La protéine S100B est essentiellement exprimée par les astrocytes.
La protéine S100B est une petite protéine exprimée principalement par les astrocytes, mais également par les oligodendrocytes et les progéniteurs neuronaux. La protéine S100B est présente dans la circulation sanguine après passage de la barrière hématoméningée. Les fonctions physiologiques de la protéine 100B sont à la fois intra et extracellulaires. Elle assure la régulation de la phosphorylation de protéines cytosoliques, permet l’homéostasie du calcium et contrôle la régulation des composants cytosquelettiques et des facteurs de transcription. En tant que facteur extracellulaire, S100B libérée par les astrocytes interagit avec les cellules environnantes (neurones, cellules microgliales et astrocytes eux-mêmes) et module ainsi leurs fonctions physiologiques. L’interaction moléculaire passe par la fixation de la protéine S100B à un récepteur non spécifique (RAGE). L’effet de la protéine S100B libérée par les astrocytes est neuroprotecteur et neurotrophique à faible concentration, mais devient neuroinflammatoire à des concentrations submicromolaires/micromolaires en présence d’une densité cellulaire RAGE relativement élevée, notamment lors d’une libération extracellulaire accrue, par exemple dû à un traumatisme crânien.

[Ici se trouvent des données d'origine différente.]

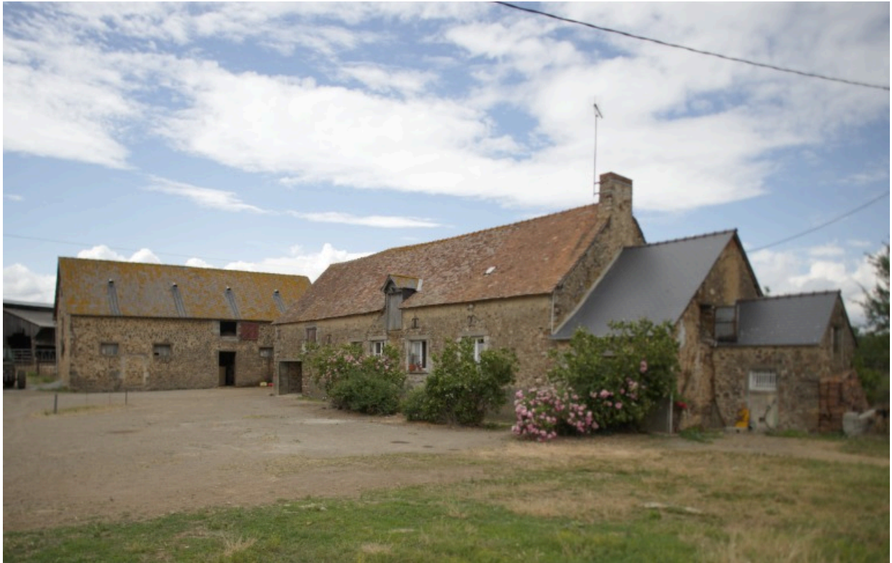
L'étable à vaches-grange et le logis-étable.
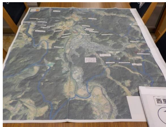
【遊休農地の位置特定作業】
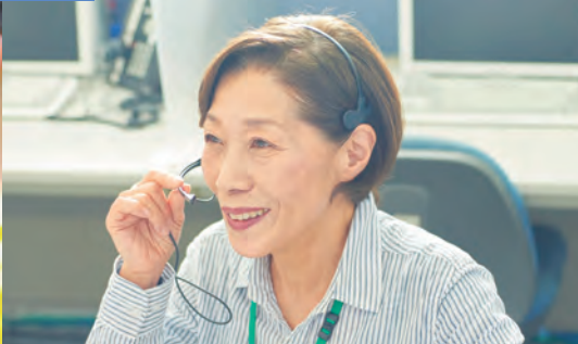
画像はイメージです。
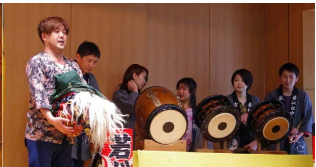
地元の皆さんとの熱い交流
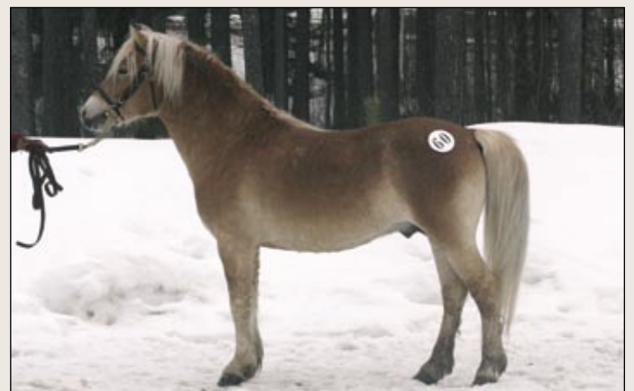
Russ-ori Lustig oli laadukas hevonen, joka toimii niin ratsuna kuin ajossakin.
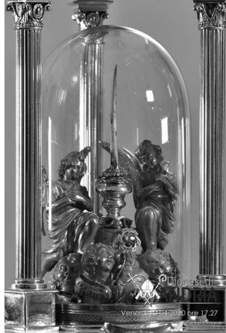
L'inatteso segno sulla Sacra Spina

Per questo motivo, il Vescovo ha ritenuto di condividere questi fenomeni prima con i confratelli sacerdoti e quindi con tutti i fedeli, dandone personalmente annuncio alle ore 20.00 del Venerdì Santo, al termine della Via Crucis da lui presieduta e trasmessa in diretta da Teledehon. Come Pastore, egli ha sentito il dovere di testimoniare quanto visto e condiviso seppur con pochi, che si è presen-
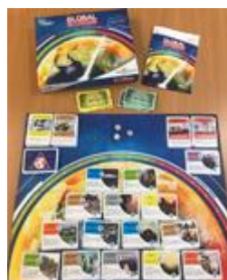
Global Warning Cycles 2 à 3
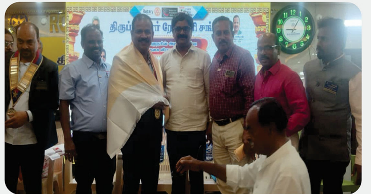
RC of Tirupattur
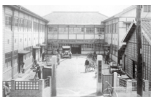
とばたしやくしよ ねん 戸畑市役所(1933年まで)
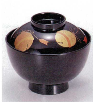
10-210-3 W-1-33 TA 新越前椀 黒鈴 ¥2,700 (11.1φ×9.7) 楕100 290cc
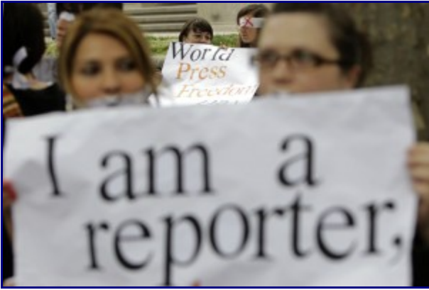
Press freedom: The everyday fight #WPF2015 More info...
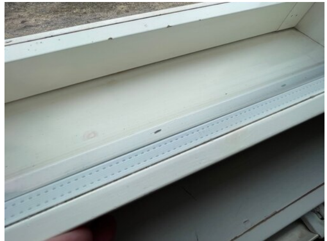
Leiman mukaan valmistettu 1993
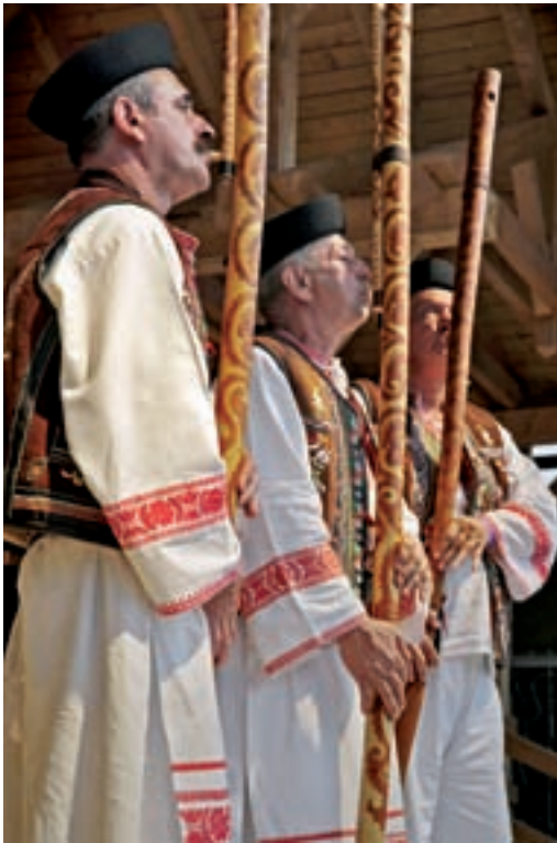
Oben: Fujara-Trio aus Kokava

Links: Hochweide auf dem nördlichen Pol'anamassiv.
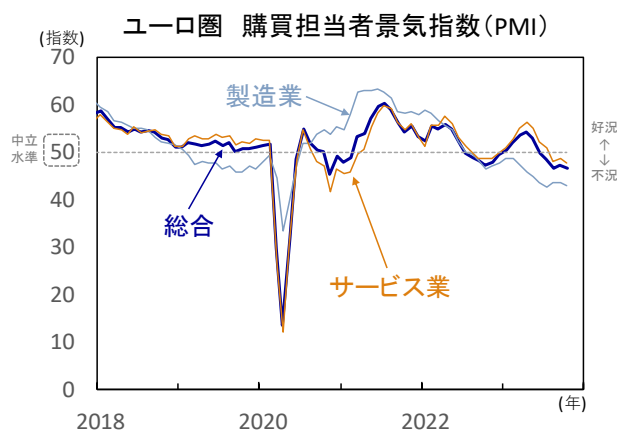
【図3】ユーロ圏 景況感は景気低迷の継続を示唆
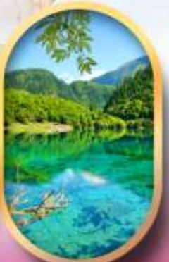
จิ่วจ้ายโกว
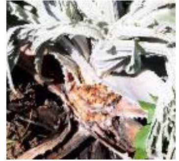
Sclerotinia sur artichaut
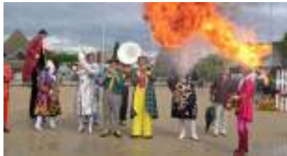
C'EST LA PARADE DU CIRQUE ! Jongleur Cracheur Clown et Monsieur Loyal...
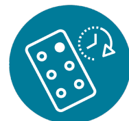
PATIENT ADHERENCE 依从性

该奖项将授予通过创新或改进的包装方案提高患者依从性（不仅限于包装材料、包装设计、给药形式、智能交互）的产品或企业。
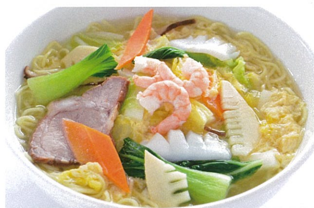
ゴモクタンメン 五目湯麺 1,070円
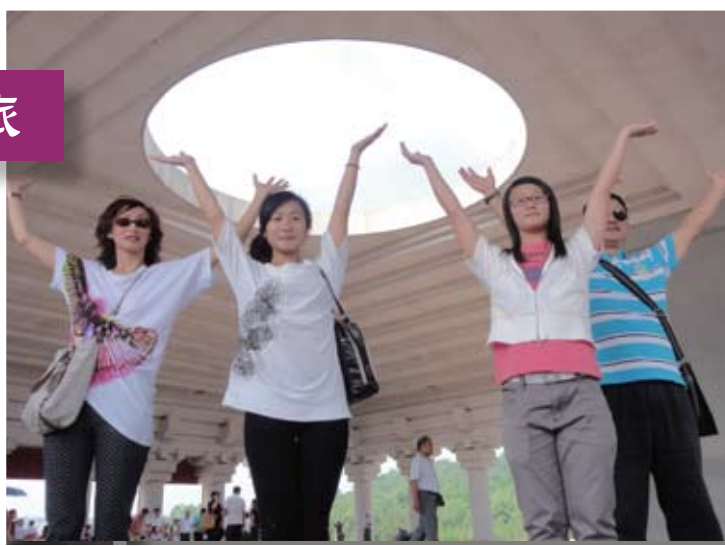
同學們對皇帝陵的“天圓地方”非常感興趣。
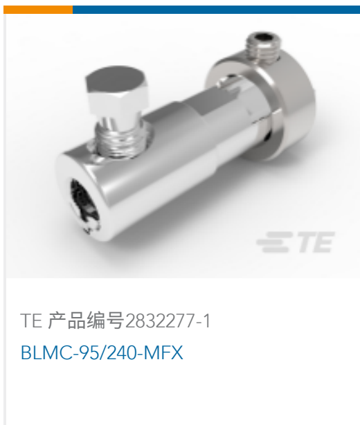
TE 产品编号2832277-1 BLMC-95/240-MFX

Le dosage sanguin de la protéine S100B dans les 3 heures suivant un traumatisme crânien léger doit être utilisé comme un marqueur de tri négatif (exclusion de lesion cérébrale).
Le recours au dosage sanguin de la protéine S100B lors de traumatismes crâniens légers permet d’éviter environ 30 % des scanners. Le dosage de la protéine S100B est aujourd’hui fiable et accessible.
Le seuil de pathologie, en deçà duquel un diagnostic de traumatisme crânien léger peut être éliminé avec une sensibilité d’environ 100 %, est aujourd’hui bien établi, chez l’adulte comme aux âges extrêmes de la vie (nourrissons et enfants, personnes âgées). Le dosage doit cependant avoir été effectué dans les 3 heures suivant l’évènement traumatique cérébral. Par contre, considérant la faible spécificité du biomarqueur, un résultat supérieur au seuil de pathologie ne permet pas de statuer définitivement sur l’existence ou non d’une lesion intra crânienne.
La connaissance des mécanismes moléculaires a permis de faire de la protéine S100B et son récepteur RAGE des cibles thérapeutiques potentielles lors de lésion cérébrale.
La protéine S100B est aussi un médiateur/facteur de l’évolution de la lésion et des dommages consécutifs au traumatisme crânien léger. Les études in vivo sur l’animal sont très rapides et ont déjà donné des premiers résultats.
La protéine S100B a ouvert également la voie à l’identification de nouveaux biomarqueurs potentiels. l’Ubiquitin Carboxyterminal Hydrolase L1 (UCH-L1) et la Glial Fibrillary Acidic Protein (GFAP) semblent apporter, lors de leur dosage simultané, des informations biocliniques similaires à celles fournies par le dosage de la protéine S100B. Des biomarqueurs liés aux processus physiopathologiques du traumatisme crânien léger sont en cours d’évaluation : anticorps anti-S100B, IL-6, IL-10, marqueurs de stress oxydant, exosomes cérébrospécifiques, mi-RNA spécifiques.